For What He’s Worth

Andruw Jones has been released by the Dodgers.  That ill-fated project has ended and Los Angeles is lighter in the pocket for their troubles.

What is Jones worth now?  A multi year pact? Hardly.  A single year contract in the neighborhood of 10 million? Let’s hope not.

He’s worth exactly two things; a one year contract and an attitude adjustment.  From 1997 through 2006 Andruw Jones put up exceptional numbers and compiled nine gold gloves.  He stayed away from the DL, stole a number of bases and led the league in homeruns and rbis once.  More or less he enjoyed a decade of dominance in line with some of baseball’s greats. 

In 2008 Andruw showed up to Spring Training with lingering injuries, overweight and without the zeal that allows a player to hit, hit for power, run, field, throw and steal bases at record paces that had characterized his early career.  What happened?

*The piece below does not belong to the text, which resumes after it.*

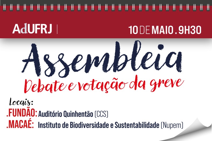 A presidenta Mayra Goulart informou que a assembleia geral dos docentes acontece na próxima sexta-feira, dia 10. Será multicampi, com participação presencial do Fundão e de Macaé. A votação será em urna, nos locais de assembleia. Haverá duas votações. A primeira será sobre a entrada ou não em greve. Em caso de os docentes decidirem contra a greve, eles deverão escolher pela entrada em estado de greve ou permanência em estado de mobilização.
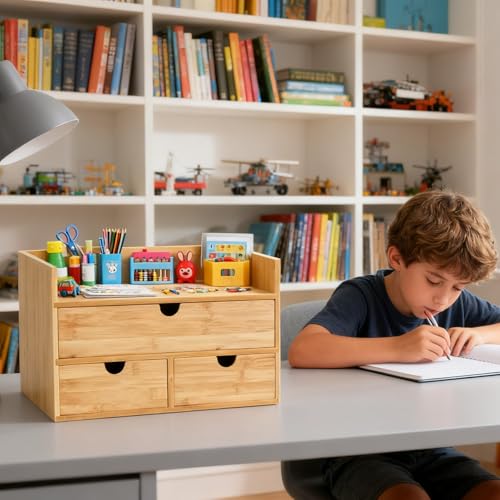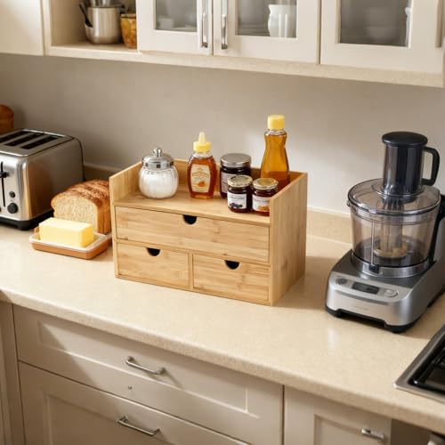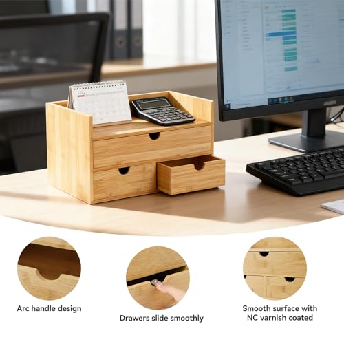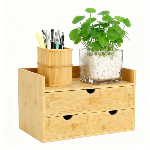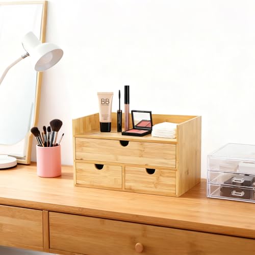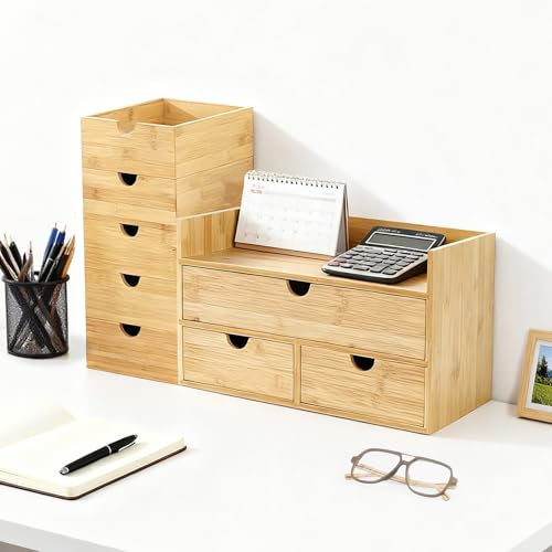QIANBAMDAY - منظم مكتب مع ادراج من كيان بامداي - منظم سطح المكتب من الخيزران للمكتب والمنزل ورف فانيتي المكياج، صندوق ادراج تخزين قابل للتكديس لتنظيم المكتب، لا يحتاج الى تجميع

Let’s take a look at another wonderful career that fizzled out a little too early.  From 1989 to 2001 Roberto Alomar was the overall best offensive and defensive second basemen in baseball.  He did everything you need to do to be great and because of his great run will be a strong candidate for the Hall of Fame when he becomes eligible next year.  Aside from a little incident with an umpire Alomar was often noted for his love for the game and boundless enthusiasm.  Yet like Jones, who has shown decline at the youthful age of 31, Alomar was virtually finished at 33.  How do these stars go south so quickly and at such a young age?

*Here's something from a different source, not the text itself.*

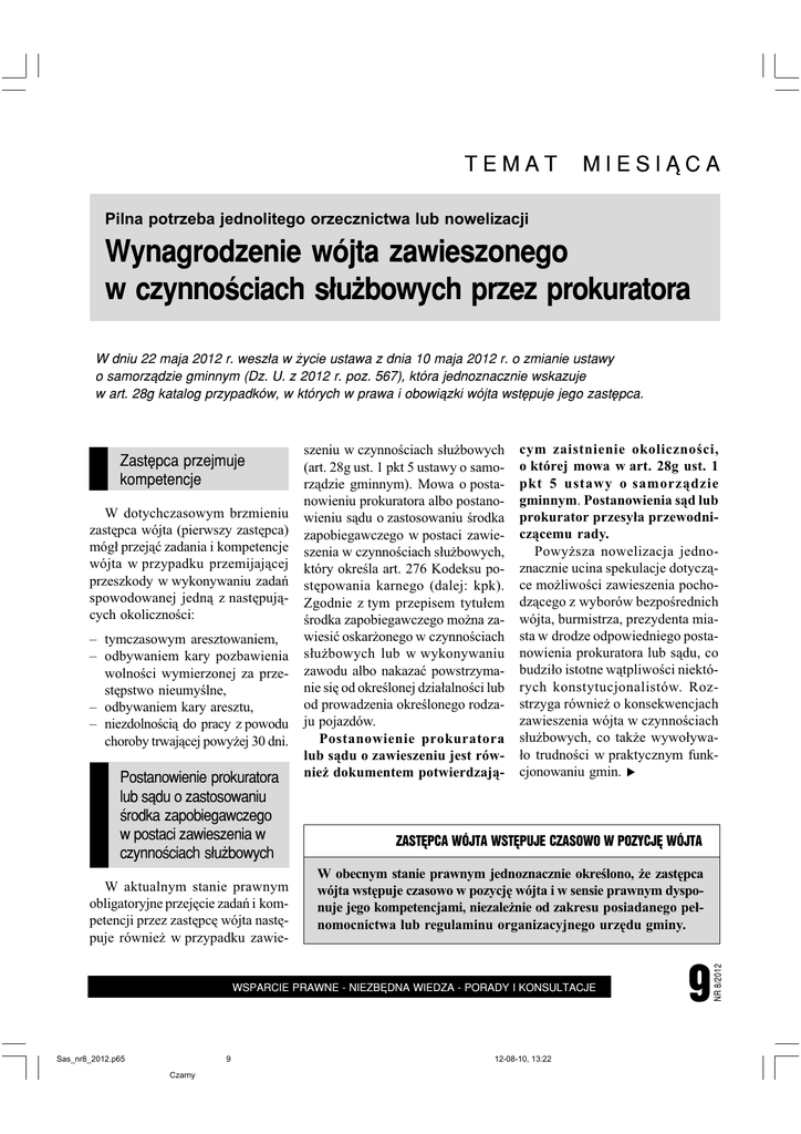TEMAT M I E SPORADY I ¥ PRAWNE CA Pilna potrzeba jednolitego orzecznictwa lub nowelizacji Wynagrodzenie wójta zawieszonego w czynnociach s³u¿bowych przez prokuratora W dniu 22 maja 2012 r. wesz³a w ¿ycie ustawa z dnia 10 maja 2012 r. o zmianie ustawy o samorz¹dzie gminnym (Dz. U. z 2012 r. poz. 567), która jednoznacznie wskazuje w art. 28g katalog przypadków, w których w prawa i obowi¹zki wójta wstêpuje jego zastêpca. W dotychczasowym brzmieniu zastêpca wójta (pierwszy zastêpca) móg³ przej¹æ zadania i kompetencje wójta w przypadku przemijaj¹cej przeszkody w wykonywaniu zadañ spowodowanej jedn¹ z nastêpuj¹cych okolicznoci: tymczasowym aresztowaniem, odbywaniem kary pozbawienia wolnoci wymierzonej za przestêpstwo nieumylne, odbywaniem kary aresztu, niezdolnoci¹ do pracy z powodu choroby trwaj¹cej powy¿ej 30 dni. Postanowienie prokuratora lub s¹du o zastosowaniu rodka zapobiegawczego w postaci zawieszenia w czynnociach s³u¿bowych W aktualnym stanie prawnym obligatoryjne przejêcie zadañ i kompetencji przez zastêpcê wójta nastêpuje równie¿ w przypadku zawie- szeniu w czynnociach s³u¿bowych (art. 28g ust. 1 pkt 5 ustawy o samorz¹dzie gminnym). Mowa o postanowieniu prokuratora albo postanowieniu s¹du o zastosowaniu rodka zapobiegawczego w postaci zawieszenia w czynnociach s³u¿bowych, który okrela art. 276 Kodeksu postêpowania karnego (dalej: kpk). Zgodnie z tym przepisem tytu³em rodka zapobiegawczego mo¿na zawiesiæ oskar¿onego w czynnociach s³u¿bowych lub w wykonywaniu zawodu albo nakazaæ powstrzymanie siê od okrelonej dzia³alnoci lub od prowadzenia okrelonego rodzaju pojazdów. Postanowienie prokuratora lub s¹du o zawieszeniu jest równie¿ dokumentem potwierdzaj¹- cym zaistnienie okolicznoci, o której mowa w art. 28g ust. 1 pkt 5 ustawy o samorz¹dzie gminnym. Postanowienia s¹d lub prokurator przesy³a przewodnicz¹cemu rady. Powy¿sza nowelizacja jednoznacznie ucina spekulacje dotycz¹ce mo¿liwoci zawieszenia pochodz¹cego z wyborów bezporednich wójta, burmistrza, prezydenta miasta w drodze odpowiedniego postanowienia prokuratora lub s¹du, co budzi³o istotne w¹tpliwoci niektórych konstytucjonalistów. Rozstrzyga równie¿ o konsekwencjach zawieszenia wójta w czynnociach s³u¿bowych, co tak¿e wywo³ywa³o trudnoci w praktycznym funkcjonowaniu gmin. ZASTÊPCA WÓJTA WSTÊPUJE CZASOWO W POZYCJÊ WÓJTA W obecnym stanie prawnym jednoznacznie okrelono, ¿e zastêpca wójta wstêpuje czasowo w pozycjê wójta i w sensie prawnym dysponuje jego kompetencjami, niezale¿nie od zakresu posiadanego pe³nomocnictwa lub regulaminu organizacyjnego urzêdu gminy. WSPARCIE PRAWNE - NIEZBÊDNA WIEDZA - PORADY I KONSULTACJE Sas_nr8_2012.p65 9 Czarny 12-08-10, 13:22 9 NR 8/2012 Zastêpca przejmuje kompetencje TEMAT PORADY PRAWNE MIESI¥CA Po³owa wynagrodzenia?! NR 8/2012 Aktualny pozostaje jednak zupe³nie inny problem, a mianowicie dotycz¹cy wynagrodzenia wójta zawieszonego w czynnociach s³u¿bowych w drodze odpowiedniego postanowienia. Warto zwróciæ uwagê, ¿e w przypadku zastosowania rodka zapobiegawczego o ostrzejszym charakterze (wolnociowego), jakim jest tymczasowe aresztowanie, wójt otrzymuje po³owê wynagrodzenia. Zgodnie bowiem z art. 35 ust. 1 i 2 ustawy o pracownikach samorz¹dowych (dalej: ups) stosunek pracy pracownika samorz¹dowego tymczasowo aresztowanego ulega zawieszeniu z mocy prawa i w tym okresie pracownik samorz¹dowy otrzymuje wynagrodzenie w wysokoci po³owy wynagrodzenia przys³uguj¹cego mu do dnia tymczasowego aresztowania. Stosownie do art. 35 ust. 3 ups, w przypadku umorzenia postêpowania karnego albo wydania wyroku uniewinniaj¹cego pracownikowi samorz¹dowemu nale¿y wyp³aciæ pozosta³¹ czêæ wynagrodzenia; nie dotyczy to warunkowego umorzenia postêpowania karnego. Czy zatem pracownik samorz¹dowy, który nie zosta³ tymczasowo aresztowany, ale pozostaje zawieszony w czynnociach s³u¿bowych, ma prawo do otrzymywania jakiegokolwiek wynagrodzenia? Nale¿y w tym kontekcie zwróciæ uwagê na treæ art. 81 § 1 Kodeksu pracy (dalej: kp), zgodnie z którym pracownikowi za czas niewykonywania pracy, je¿eli by³ gotów do jej wykonywania, a dozna³ przeszkód z przyczyn dotycz¹cych 10 pracodawcy, przys³uguje wynagrodzenie wynikaj¹ce z jego osobistego zaszeregowania, okrelonego stawk¹ godzinow¹ lub miesiêczn¹, a je¿eli taki sk³adnik wynagrodzenia nie zosta³ wyodrêbniony przy okrelaniu warunków wynagradzania - 60% wynagrodzenia. W ka¿dym przypadku wynagrodzenie to nie mo¿e byæ jednak ni¿sze od wysokoci minimalnego wynagrodzenia za pracê, ustalanego na podstawie odrêbnych przepisów. Powstaje pytanie, czy art. 81 § 1 kp ma zastosowanie w³anie do sytuacji czasowego zawieszenia w czynnociach s³u¿bowych? Na powy¿sz¹ w¹tpliwoæ spróbowa³ odpowiedzieæ S¹d Najwy¿szy w wyroku z dnia 16 sierpnia 2005 r. (sygn. akt I PK 32/05 publ. OSNP 2006/11-12/184), w którym uzna³, ¿e pracownikowi samorz¹dowemu zatrudnionemu na podstawie wyboru nie przys³uguje wynagrodzenie za czas niewykonywania pracy (art. 81 § 1 w zwi¹zku z art. 80 kp) za okres odsuniêcia od wiadczenia pracy, wskutek postanowienia prokuratora o zastosowaniu rodka zapobiegawczego w postaci zawieszenia w czynnociach s³u¿bowych. S¥D NAJWY¯SZY S¹d Najwy¿szy wskaza³, ¿e w art. 81 k.p. wskazane s¹ dwie przes³anki zachowania prawa do wynagrodzenia, mimo niewiadczenia pracy, a mianowicie: zachowanie przez pracownika gotowoci do pracy, oraz doznanie przeszkód z przyczyn dotycz¹cych pracodawcy. S¹d Najwy¿szy uzna³, ¿e w przypadku zawieszenia w czynnociach s³u¿bowych mo¿na przyj¹æ spe³nienie pierwszej z przes³anek, tj. zachowanie przez pracownika gotowoci do pracy. Natomiast nie mo¿na uznaæ, ¿e wype³niony zosta³ drugi warunek tego przepisu, gdy¿ oprócz przyczyn dotycz¹cych pracownika i dotycz¹cych pracodawcy, mog¹ byæ jeszcze przyczyny niezale¿ne od stron stosunku pracy, a wiêc tym samym nied

For Jones a big part of it has been his physical conditioning.  He needs to stay on top of that if he is to remain in professional baseball.  Alomar, however, was always in respectable shape.  But what seems common amongst the two is that they lost the love for baseball in their early thirties.  Alomar, the jovial young second basemen, became cranky in his early thirties.  Andruw Jones lacks effort and drive.

Jones, however, will be given the chance to turn it around.  Teams such as the Braves, the Giants or even the Yankees should think about giving Andruw a chance.  Comeback player of the year?  Let’s hope so.  



  1. welikeroywelikeroy

    I think a lot these guys get caught up in making money throughout their 20’s, and by their 30’s, that is all they care about. Along the way, they lose their love for the game. This is a very good point. Very few players remember that they are playing a kid’s game throughout their career.